We have an SQL VM with very light load that has issues when you VMotion it. During normal operations I'm able to ping the VM at <1ms, but as soon as the VMotion starts the ping times jump up anywhere from 250ms to 3000+ ms with many dropped packets. We are able to VMotion any other VM in this cluster w/o any impact to the network latencies except for maybe one dropped packet. The issue happens when VMotioning the VM among all ESX hosts in the cluster and it happens every time. The hosts have a dedicated VMotion network.
Windows 2003 64bit
E1000 network adapter
4GB of RAM
Tools status is OK
Default resource settings
16 cores: 4 quad-core AMD Opteron 8354
128GB of RAM
DMX SAN storage (not sure of the exact details, but I can get them)
We have VMs under much more load with the same configuration and they VMotion w/o any issues. I've spoken with a VMware escalation engineer who said this is expected if you are VMotioning a SQL VM with 4GB or greater RAM.

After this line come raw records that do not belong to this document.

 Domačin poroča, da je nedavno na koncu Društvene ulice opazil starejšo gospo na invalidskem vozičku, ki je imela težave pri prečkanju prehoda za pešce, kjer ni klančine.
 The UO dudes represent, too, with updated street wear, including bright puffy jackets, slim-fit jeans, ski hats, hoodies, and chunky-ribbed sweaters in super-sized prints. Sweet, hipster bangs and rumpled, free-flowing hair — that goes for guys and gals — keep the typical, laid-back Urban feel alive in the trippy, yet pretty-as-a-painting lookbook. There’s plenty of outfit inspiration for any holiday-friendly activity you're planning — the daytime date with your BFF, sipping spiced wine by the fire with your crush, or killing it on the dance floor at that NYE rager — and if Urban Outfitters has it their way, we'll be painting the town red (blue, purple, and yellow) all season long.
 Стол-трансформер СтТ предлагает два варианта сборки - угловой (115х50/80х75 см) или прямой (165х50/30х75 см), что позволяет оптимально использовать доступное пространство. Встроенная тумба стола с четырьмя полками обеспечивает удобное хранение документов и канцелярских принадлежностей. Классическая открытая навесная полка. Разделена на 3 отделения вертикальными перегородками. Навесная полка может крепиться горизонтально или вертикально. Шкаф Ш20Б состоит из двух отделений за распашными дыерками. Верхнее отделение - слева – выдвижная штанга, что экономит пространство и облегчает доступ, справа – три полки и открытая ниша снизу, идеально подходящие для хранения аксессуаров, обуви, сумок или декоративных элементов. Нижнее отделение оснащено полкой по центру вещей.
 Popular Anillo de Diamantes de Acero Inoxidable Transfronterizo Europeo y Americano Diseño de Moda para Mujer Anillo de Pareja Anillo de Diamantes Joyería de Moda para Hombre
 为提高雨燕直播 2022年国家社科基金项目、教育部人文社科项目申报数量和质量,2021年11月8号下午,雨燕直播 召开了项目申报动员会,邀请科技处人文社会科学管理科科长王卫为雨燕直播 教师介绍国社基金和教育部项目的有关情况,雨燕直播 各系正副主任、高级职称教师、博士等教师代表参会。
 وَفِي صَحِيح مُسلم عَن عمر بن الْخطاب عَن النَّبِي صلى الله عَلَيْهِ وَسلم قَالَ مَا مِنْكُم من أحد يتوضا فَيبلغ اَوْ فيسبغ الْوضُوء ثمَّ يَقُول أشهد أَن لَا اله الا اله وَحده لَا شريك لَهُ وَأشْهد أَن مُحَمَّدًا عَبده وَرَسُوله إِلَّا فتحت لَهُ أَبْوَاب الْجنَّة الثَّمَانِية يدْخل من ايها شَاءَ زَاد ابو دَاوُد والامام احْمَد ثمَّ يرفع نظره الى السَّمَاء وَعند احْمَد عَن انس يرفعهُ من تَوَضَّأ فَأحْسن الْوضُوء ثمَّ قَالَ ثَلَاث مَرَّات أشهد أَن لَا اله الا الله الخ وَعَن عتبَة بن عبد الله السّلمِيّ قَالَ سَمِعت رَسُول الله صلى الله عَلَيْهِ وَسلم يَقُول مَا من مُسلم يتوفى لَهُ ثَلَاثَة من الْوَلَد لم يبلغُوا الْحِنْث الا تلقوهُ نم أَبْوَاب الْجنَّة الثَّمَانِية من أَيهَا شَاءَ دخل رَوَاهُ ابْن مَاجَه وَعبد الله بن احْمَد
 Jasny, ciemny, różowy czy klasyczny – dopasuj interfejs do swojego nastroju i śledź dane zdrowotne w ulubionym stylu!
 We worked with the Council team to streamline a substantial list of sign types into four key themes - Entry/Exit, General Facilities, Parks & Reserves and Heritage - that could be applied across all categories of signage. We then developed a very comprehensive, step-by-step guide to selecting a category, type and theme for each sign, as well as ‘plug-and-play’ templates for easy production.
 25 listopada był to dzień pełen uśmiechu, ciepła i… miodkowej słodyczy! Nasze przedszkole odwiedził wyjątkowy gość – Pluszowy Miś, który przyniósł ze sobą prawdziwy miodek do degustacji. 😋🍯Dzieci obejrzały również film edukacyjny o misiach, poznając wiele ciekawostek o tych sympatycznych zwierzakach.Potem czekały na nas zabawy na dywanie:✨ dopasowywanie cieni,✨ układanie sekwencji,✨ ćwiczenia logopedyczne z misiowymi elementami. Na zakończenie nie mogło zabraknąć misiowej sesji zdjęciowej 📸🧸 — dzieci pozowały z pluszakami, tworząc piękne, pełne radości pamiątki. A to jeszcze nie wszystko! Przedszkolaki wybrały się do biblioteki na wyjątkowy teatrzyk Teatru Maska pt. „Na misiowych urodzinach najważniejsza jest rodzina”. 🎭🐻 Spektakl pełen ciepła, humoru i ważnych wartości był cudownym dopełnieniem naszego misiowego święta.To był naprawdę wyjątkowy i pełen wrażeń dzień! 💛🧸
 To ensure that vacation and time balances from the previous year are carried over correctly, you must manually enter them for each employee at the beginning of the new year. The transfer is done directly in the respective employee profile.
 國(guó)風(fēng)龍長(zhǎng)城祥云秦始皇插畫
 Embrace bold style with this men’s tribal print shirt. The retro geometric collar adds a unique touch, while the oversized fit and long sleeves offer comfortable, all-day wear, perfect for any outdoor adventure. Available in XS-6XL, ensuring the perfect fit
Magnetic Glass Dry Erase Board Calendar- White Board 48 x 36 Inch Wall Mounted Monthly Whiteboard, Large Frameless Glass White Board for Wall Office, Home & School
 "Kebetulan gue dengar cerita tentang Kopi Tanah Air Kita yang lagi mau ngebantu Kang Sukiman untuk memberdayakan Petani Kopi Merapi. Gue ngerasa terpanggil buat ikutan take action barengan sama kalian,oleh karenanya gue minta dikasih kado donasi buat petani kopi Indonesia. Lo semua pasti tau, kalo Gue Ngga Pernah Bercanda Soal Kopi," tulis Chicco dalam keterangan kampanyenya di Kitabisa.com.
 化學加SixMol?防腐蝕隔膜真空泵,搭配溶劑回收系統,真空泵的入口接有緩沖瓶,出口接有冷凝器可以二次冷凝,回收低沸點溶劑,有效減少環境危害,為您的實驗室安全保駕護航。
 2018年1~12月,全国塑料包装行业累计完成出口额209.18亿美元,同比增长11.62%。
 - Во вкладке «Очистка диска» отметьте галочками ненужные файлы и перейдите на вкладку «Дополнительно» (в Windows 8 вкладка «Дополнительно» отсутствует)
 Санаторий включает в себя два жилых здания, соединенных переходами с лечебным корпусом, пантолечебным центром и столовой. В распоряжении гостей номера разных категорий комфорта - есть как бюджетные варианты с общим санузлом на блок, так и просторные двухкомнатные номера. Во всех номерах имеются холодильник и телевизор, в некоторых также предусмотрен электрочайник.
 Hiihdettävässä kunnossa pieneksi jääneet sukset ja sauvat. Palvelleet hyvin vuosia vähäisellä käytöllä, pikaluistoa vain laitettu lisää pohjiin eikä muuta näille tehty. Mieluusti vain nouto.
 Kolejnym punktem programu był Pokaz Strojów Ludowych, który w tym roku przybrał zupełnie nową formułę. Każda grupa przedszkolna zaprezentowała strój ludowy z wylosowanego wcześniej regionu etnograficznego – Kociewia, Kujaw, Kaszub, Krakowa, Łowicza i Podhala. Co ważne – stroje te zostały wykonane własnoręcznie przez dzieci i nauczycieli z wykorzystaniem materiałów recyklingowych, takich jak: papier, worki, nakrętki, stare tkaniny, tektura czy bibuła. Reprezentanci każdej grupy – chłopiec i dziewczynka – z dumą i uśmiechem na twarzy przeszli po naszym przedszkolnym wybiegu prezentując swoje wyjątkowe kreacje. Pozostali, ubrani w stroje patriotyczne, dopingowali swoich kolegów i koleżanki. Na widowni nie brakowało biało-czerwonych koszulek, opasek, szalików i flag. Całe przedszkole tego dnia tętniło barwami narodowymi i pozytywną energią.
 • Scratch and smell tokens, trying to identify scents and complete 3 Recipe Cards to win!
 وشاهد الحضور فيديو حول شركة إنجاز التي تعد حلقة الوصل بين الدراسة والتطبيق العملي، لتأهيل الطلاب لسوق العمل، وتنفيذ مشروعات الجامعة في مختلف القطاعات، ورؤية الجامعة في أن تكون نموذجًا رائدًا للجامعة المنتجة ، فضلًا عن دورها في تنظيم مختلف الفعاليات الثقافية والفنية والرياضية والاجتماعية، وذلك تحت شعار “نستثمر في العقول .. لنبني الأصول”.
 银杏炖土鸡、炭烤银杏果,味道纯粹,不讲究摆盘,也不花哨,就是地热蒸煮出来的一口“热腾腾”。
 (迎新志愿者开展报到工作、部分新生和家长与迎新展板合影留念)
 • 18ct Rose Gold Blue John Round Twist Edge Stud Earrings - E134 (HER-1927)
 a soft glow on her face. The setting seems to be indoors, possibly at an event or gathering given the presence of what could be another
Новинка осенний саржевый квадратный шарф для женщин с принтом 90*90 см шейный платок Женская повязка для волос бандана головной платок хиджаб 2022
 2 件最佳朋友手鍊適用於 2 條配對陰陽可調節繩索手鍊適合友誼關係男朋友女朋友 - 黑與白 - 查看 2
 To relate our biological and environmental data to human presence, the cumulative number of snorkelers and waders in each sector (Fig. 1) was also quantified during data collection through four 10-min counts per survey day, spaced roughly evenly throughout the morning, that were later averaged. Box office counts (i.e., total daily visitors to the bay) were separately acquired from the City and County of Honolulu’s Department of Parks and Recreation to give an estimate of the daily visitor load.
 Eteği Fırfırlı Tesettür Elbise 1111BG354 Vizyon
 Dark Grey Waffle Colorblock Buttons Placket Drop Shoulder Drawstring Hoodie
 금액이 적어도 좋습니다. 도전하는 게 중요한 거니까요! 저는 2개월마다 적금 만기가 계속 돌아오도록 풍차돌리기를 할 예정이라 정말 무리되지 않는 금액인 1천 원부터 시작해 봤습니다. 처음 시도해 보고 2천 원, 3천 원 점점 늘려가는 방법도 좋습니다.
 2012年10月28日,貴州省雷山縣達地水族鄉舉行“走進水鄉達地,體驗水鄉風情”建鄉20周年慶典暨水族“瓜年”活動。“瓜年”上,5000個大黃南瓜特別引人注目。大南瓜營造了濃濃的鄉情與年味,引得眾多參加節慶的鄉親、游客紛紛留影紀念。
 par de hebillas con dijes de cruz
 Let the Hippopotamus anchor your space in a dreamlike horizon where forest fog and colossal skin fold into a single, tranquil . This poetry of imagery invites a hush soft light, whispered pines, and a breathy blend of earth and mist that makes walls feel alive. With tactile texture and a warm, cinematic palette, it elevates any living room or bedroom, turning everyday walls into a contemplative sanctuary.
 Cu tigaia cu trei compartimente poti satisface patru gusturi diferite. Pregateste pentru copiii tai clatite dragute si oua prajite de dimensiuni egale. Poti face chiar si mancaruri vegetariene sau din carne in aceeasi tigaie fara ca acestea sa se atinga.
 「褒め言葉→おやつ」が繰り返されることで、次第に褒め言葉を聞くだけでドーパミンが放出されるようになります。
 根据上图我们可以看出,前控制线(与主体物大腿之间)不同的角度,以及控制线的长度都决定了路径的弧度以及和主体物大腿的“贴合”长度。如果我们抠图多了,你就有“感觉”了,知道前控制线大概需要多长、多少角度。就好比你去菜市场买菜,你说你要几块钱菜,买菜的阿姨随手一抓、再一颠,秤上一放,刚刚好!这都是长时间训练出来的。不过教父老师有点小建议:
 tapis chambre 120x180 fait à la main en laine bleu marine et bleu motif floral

Has anyone seen this before? Any suggestions? If you need more info to help, please let me know and I can try to get it. Thanks.
Does the R905 have onboard Broadcom 5708's ?
We recently converted to Dell M600 blades in DR that have the 5708's. Immediately afterwards our 4CPU/4GB x64 DR domain controller started doing the same thing. I figured it was a blade issue so I rebooted all blades one at a time, vmotion'ing the puppy around. Every time it became latent. None of the other VM's would. Granted all others were 32bit. This last weekend, I installed the latest patches that VMware released . Upon doing so and rebooting the first blade, I was able to vmotion the x64 server to the newly patched box with no issues. I then patched the rest of the cluster with the patches and as of now, everything vmotions great there, no lag... Very weird.. The patches aren't even for the 5708 broadcoms..